What bothers me is that they've been doing it for so long - if that ex-pastor is to be believed - presicely because it'll create a receptive environment for their theocracy. And being fair, I can see what he means. It might just be me only paying attention to US politics for the last seven years or so, but I've never heard of any period in modern US history with a greater number of idiots calling for just such a government.
It isn't really a conspiracy when it is a stated goal of a group.

I guess you're right on that one. Given how underhanded the bastards are being at it, it might arguably still fit the term. So what shall we call it?

I'll just copypasta a bit from the ex-pastor's article that illustrates what I mean.

 

"I want you to know that the fundamentalist political movement is the beginning of a cultural revolution that will take our nation to a very dark place. You have to understand that this has been methodically planned and is being carried out with the utmost vigilance. In accordance with their worldview, my old friends do not in the least care about what you think. They are against democracy, and they are seeking to end the rule of the majority in our great country."

 

If that's true - and I'd hope he has some evidence to back it up, but I can see why they wouldn't want to mention this shit in writing - then people better start pushing back. Hard.

The philosophy they are open about says that citizens should not be given the rights to sin or not, for that makes the nation sinful.  That is directly against freedom of speech, religion and democracy in general.  Why else would they fight for the laws they do?

 

Maybe I'm just paranoid, but I don't see their schemes to fundamentally change US government as going on in the dark, it seems right out in front to me. 

That's not what was meant about a 'dark place'.  You pulled that one word out and applied it to a part of the statement that it wasn't referring to.  The dark place is where we would end up if they were allowed to succeed ... like the dark ages.
Yeah, that'd basically be the Bad Ending for American society. Which is a pity, 'cause it was started as the most ambitious attempt at an enlightened society in human history up to that point.

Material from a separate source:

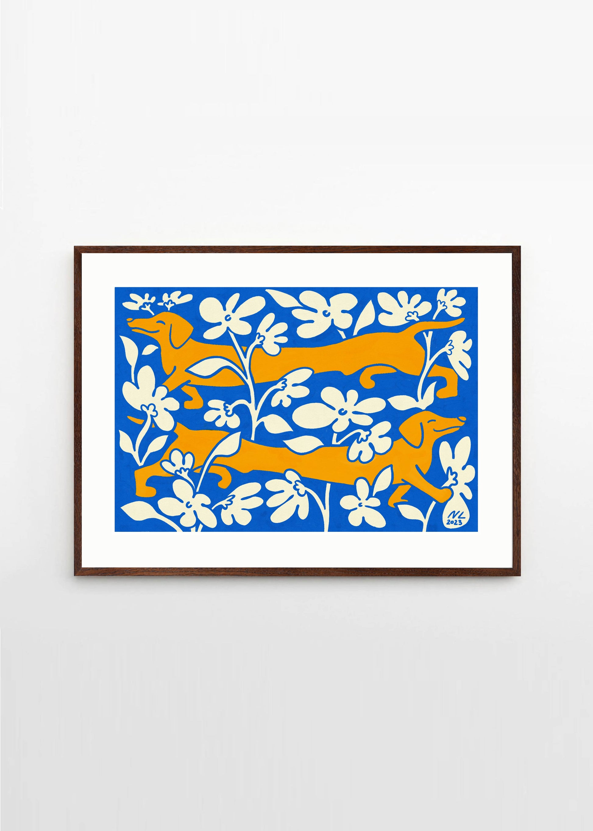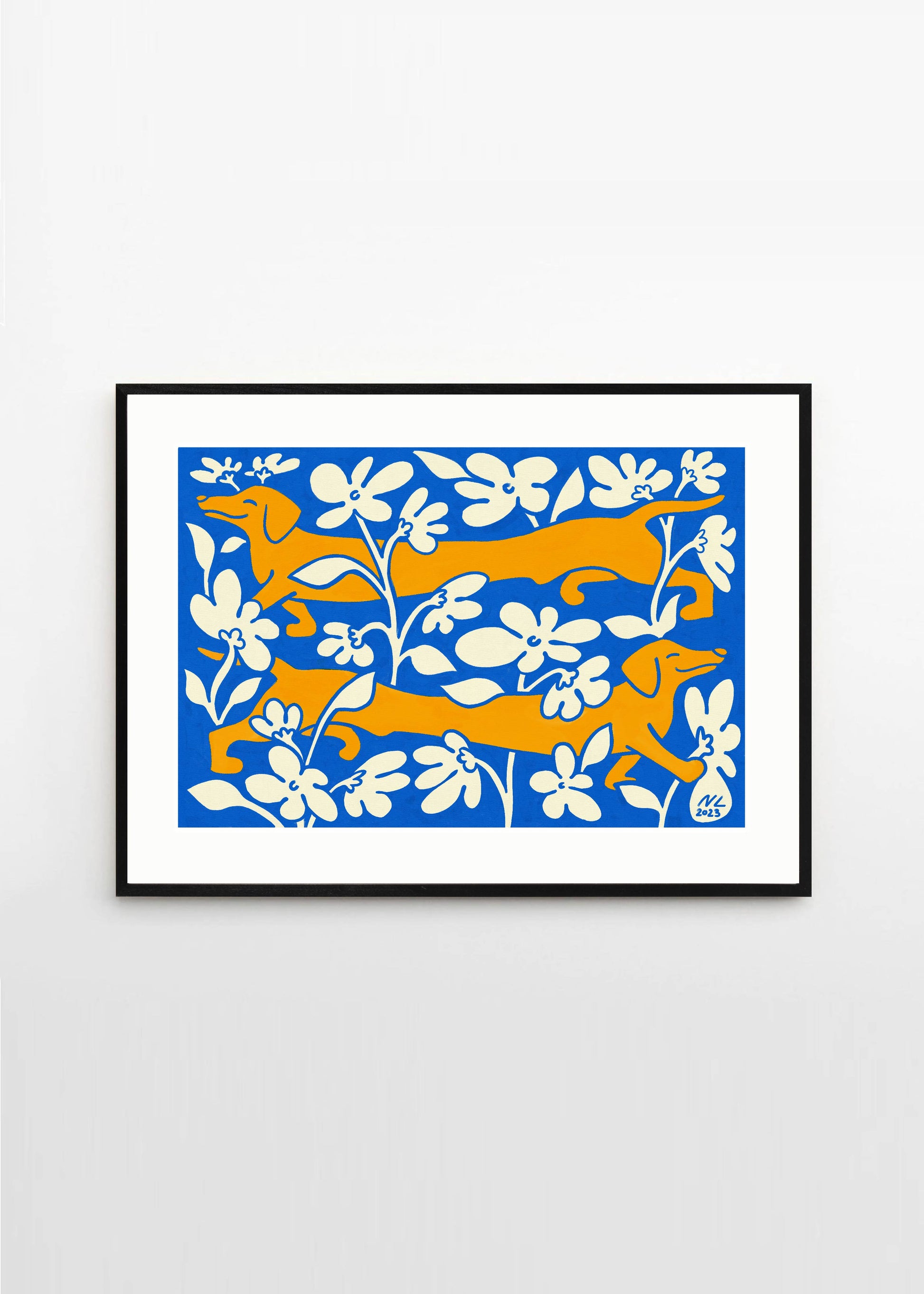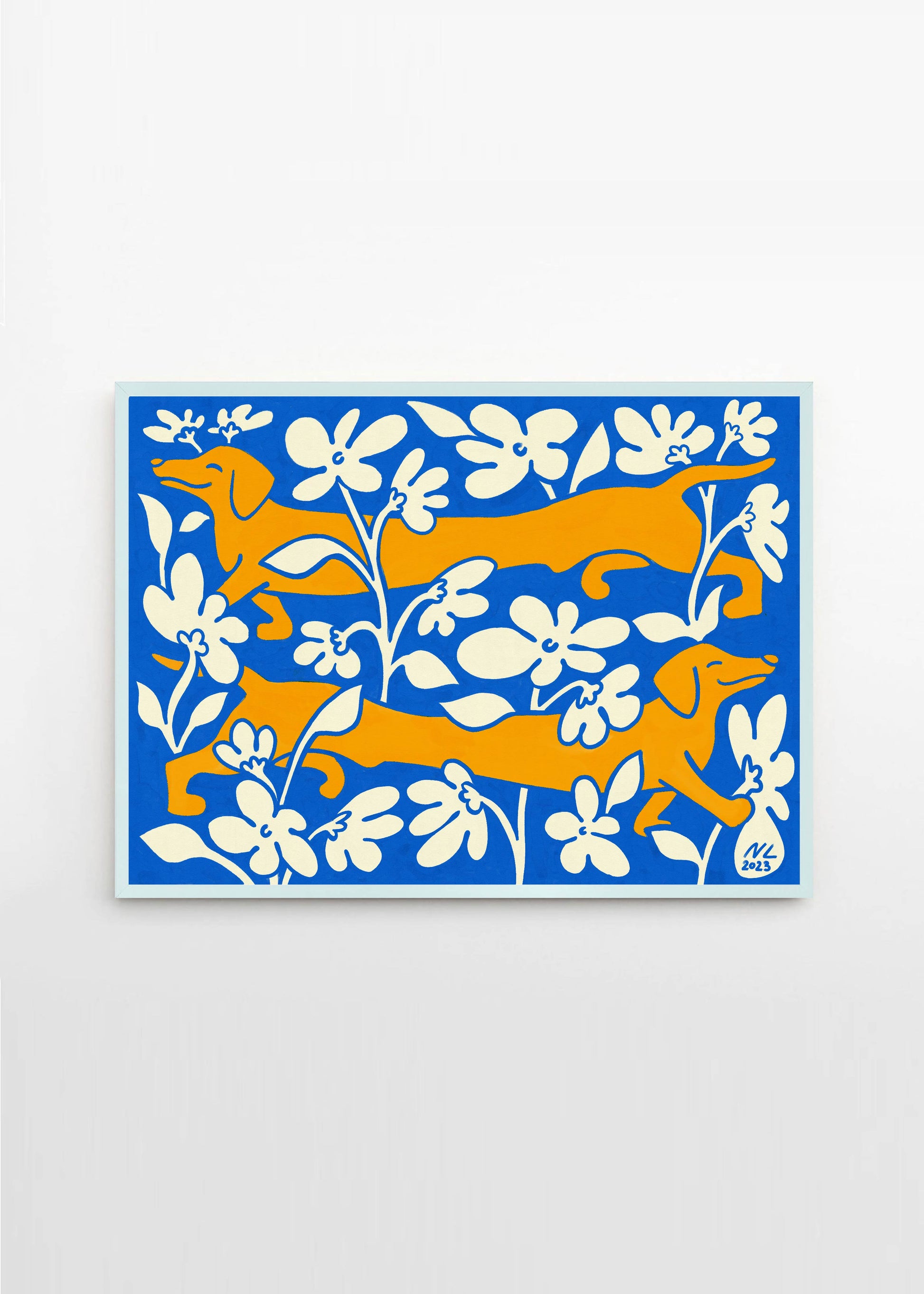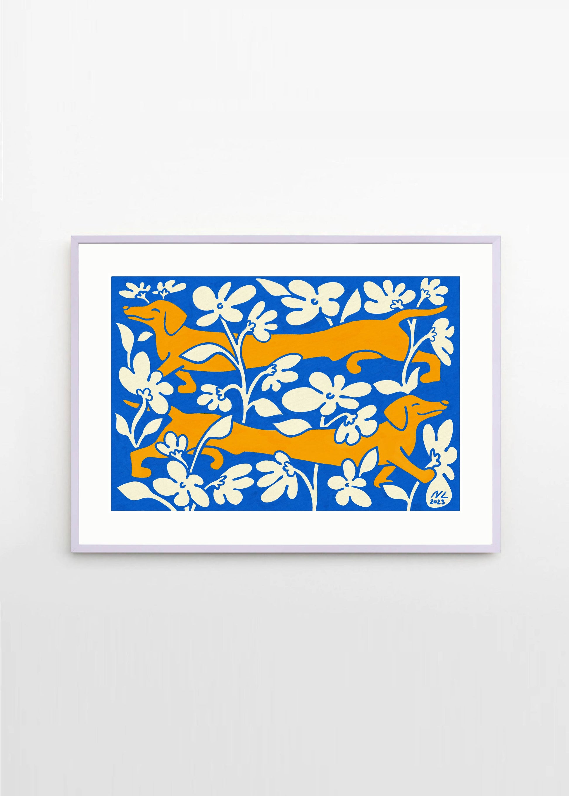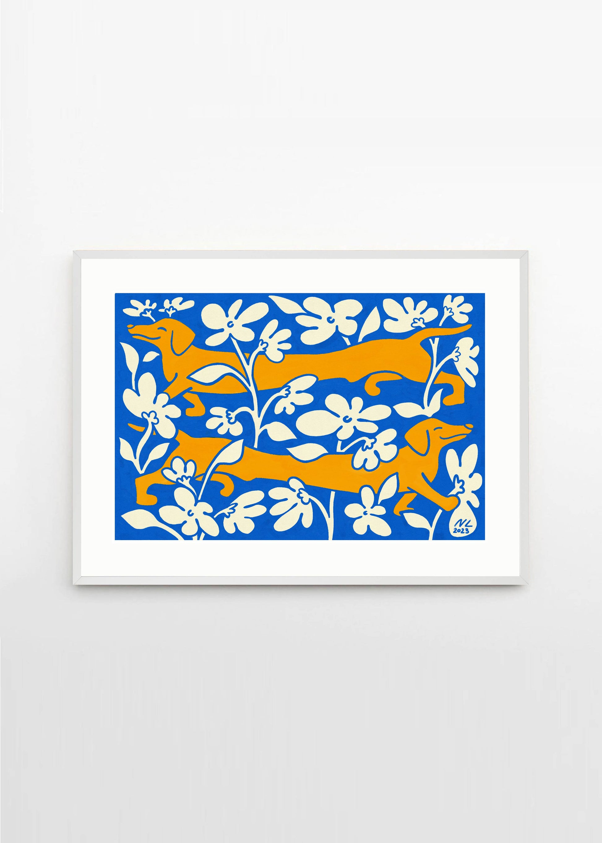 The landscape artwork Hund by Nellie Lindnér depicts two sausage dogs. The blue, white and yellow colors makes it perfect for a colored frame, with or without passepartout.

Dark place?  I was responding to:

 

Given how underhanded the bastards are being at it, it might arguably still fit the term. So what shall we call it?

 

I used the term "going on in the dark" for underhanded.  I wasn't referring to the quote that Mick was using.

 

Oh, discussion boards, where the lack of context makes stuff confusing that seems straight forward at the time. 

But if the tactics by which those goals are reached are hidden and the players unknown then it's still a conspiracy
Wow. Which cult was that, mate?
Yup, sounds about like our Dominionists, out on the west coast.  They're just more realistic about the timeline.
Yeah, I don't think there's any variant of an Abrahamic religion anywhere whose goal isn't world domination.